Estimation of total matched versus mismatched expression values

Expression ratios for genes in common across all cell lines and platforms were determined. If the ratio of a gene was ≥ 1 or ≤ 1 for both platforms being compared, the expression was considered matched irrespective of the magnitude. Otherwise, the ratios were considered to be mismatched (i.e., in opposite directions). These values give a rough, binary indication of the correlation between platforms (Table 2). Concordance between platforms using significant expression ratios at p-value <0.05 and 1.5 to 2-fold threshold levels are given in Table 3.

Correlation of expression among all platforms

To determine how well the data from the three platforms coincided, correlation coefficients were obtained from analysis of scatter plots of the mean expression values from the three array formats. Figure 2a–c are examples of scatter plot analyses of the three platforms using data from the Jurkat cell line RNA. The boundaries for ratio values greater than two-fold are delineated by the external lines. Correlation coefficients for all three pairs of platforms for all six cell lines are listed in Tables 4 &5).

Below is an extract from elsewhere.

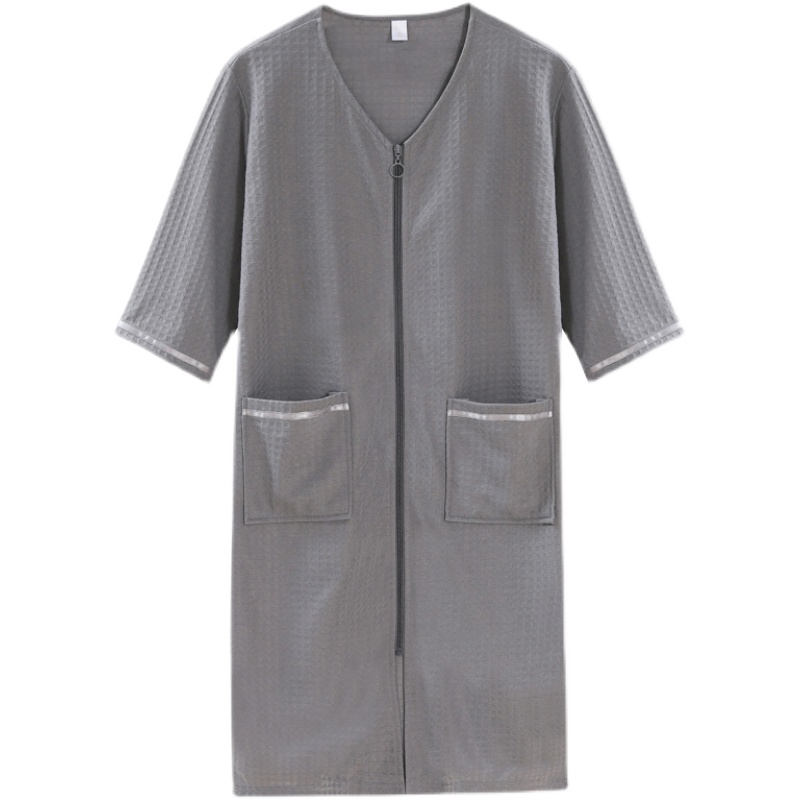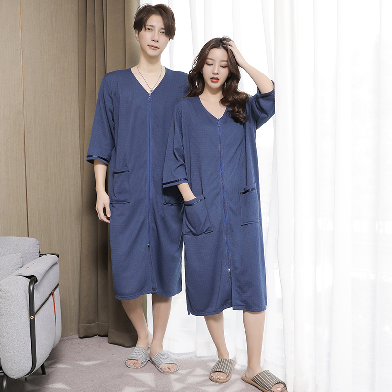 Spring and autumn men's pajamas one-piece large size zipper nightgown thin men's nightdress one-piece softer than pure cotton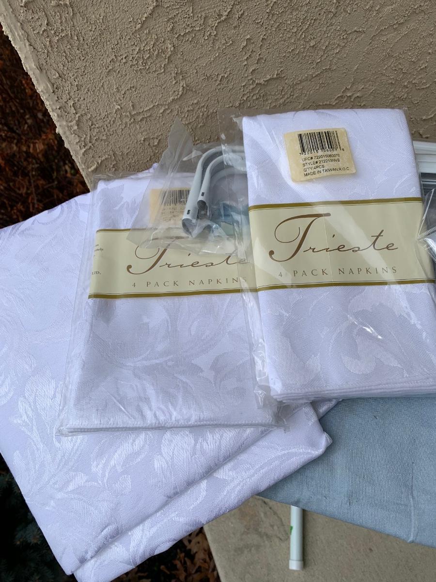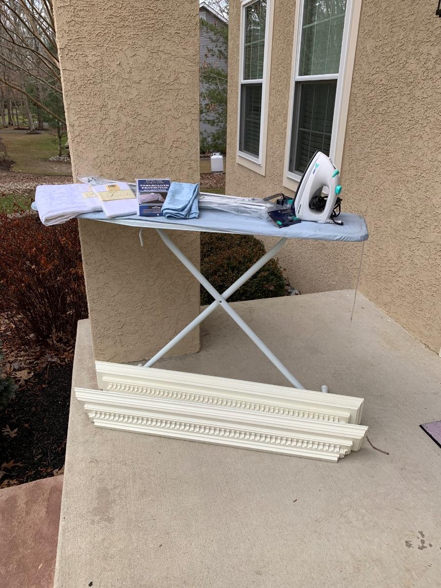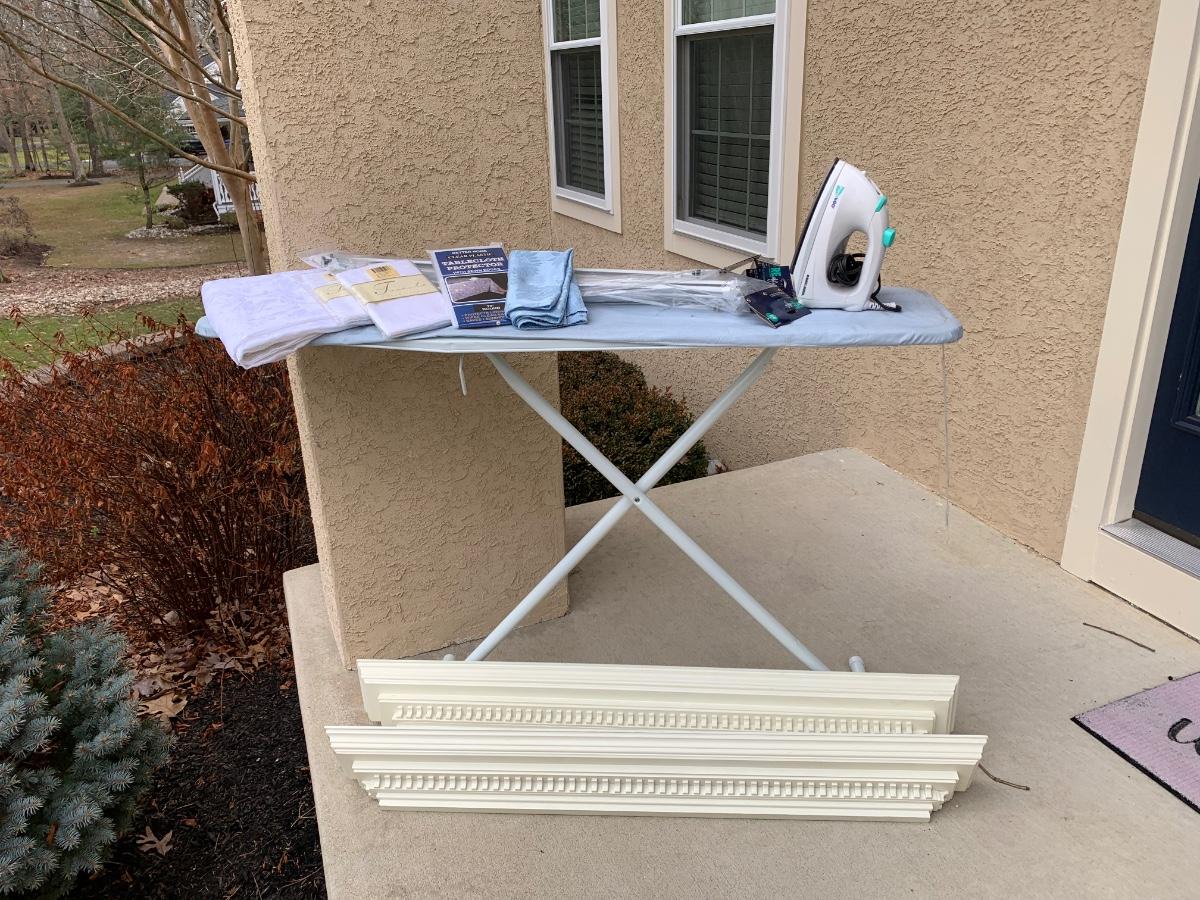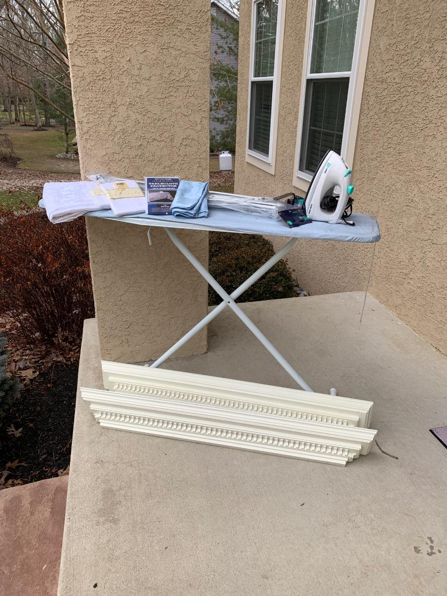 One ironing board with Black & Decker Iron, untested. Includes four Room Essentials white double curtain rods (28-48 inches), and two wall mounted shelves measuring 5 x 47 inches. Includes a variety of kitchen linens & a clear tablecloth protector with sewn edges.

Principal Component Analysis (PCA)

The global gene expression patterns of the six cell lines in all three platforms were studied by principal component analysis (PCA) [59]. All genes (3186) with signals above background were included. Differences in signal magnitude among platforms were nulled out by normalizing the data from each to unit standard deviation. Individual platform variations were accounted for by employing unit variance. A projection on the first three principal components, which explained 48.8% (21%, 14%, and 13%) of the total variance, is shown in Fig. 3. The calculations were done using Partekpro 5.0 software (Partek Inc., St. Charles, MO)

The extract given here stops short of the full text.